___ DATASET EXCERPTS

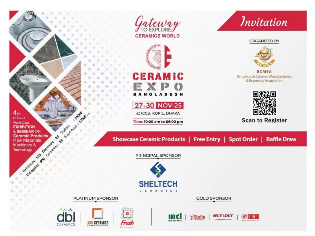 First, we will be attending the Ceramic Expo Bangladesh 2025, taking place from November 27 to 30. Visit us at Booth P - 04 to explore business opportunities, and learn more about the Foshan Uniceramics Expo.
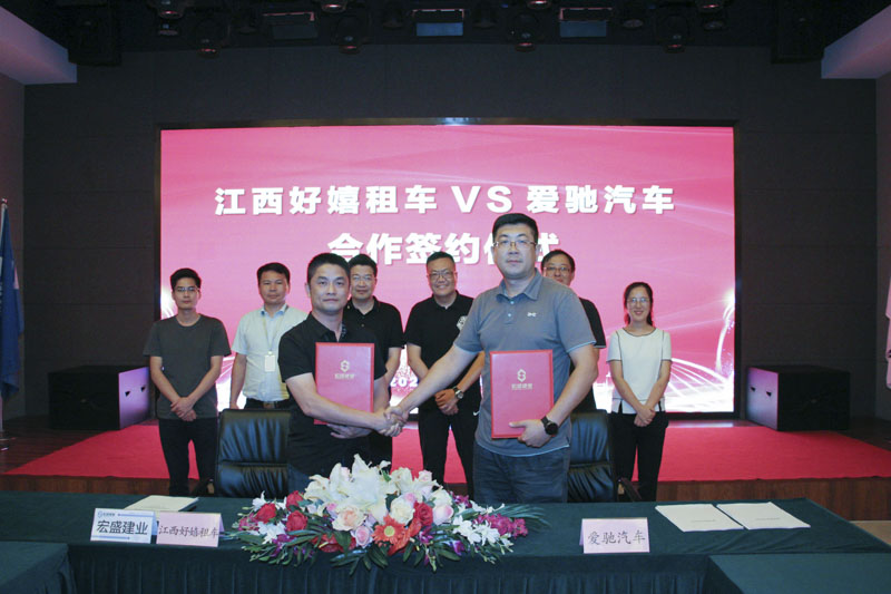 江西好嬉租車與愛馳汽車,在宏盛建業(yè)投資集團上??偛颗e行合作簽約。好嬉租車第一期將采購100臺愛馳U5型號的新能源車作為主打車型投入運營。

______
___ DATASET EXCERPTS

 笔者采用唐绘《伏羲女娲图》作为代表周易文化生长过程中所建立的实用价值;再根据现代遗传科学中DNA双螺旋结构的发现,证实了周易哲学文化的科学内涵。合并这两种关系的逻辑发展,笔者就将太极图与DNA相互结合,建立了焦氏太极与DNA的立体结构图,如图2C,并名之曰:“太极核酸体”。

______
___ DATASET EXCERPTS

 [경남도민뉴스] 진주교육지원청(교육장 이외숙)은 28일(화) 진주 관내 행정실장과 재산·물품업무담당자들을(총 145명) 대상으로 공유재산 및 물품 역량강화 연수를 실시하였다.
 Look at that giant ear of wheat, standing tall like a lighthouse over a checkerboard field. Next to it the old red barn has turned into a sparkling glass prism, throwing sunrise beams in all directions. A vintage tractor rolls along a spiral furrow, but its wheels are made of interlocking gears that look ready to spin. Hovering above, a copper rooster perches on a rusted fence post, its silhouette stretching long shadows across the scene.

______

Among the entries above, take the lines from the one with "First, we will" through the one with "江西好嬉租車與愛馳汽車,在宏" and retype them exactly, leaving out the pictures.

 First, we will be attending the Ceramic Expo Bangladesh 2025, taking place from November 27 to 30. Visit us at Booth P - 04 to explore business opportunities, and learn more about the Foshan Uniceramics Expo.
 江西好嬉租車與愛馳汽車,在宏盛建業(yè)投資集團上??偛颗e行合作簽約。好嬉租車第一期將采購100臺愛馳U5型號的新能源車作為主打車型投入運營。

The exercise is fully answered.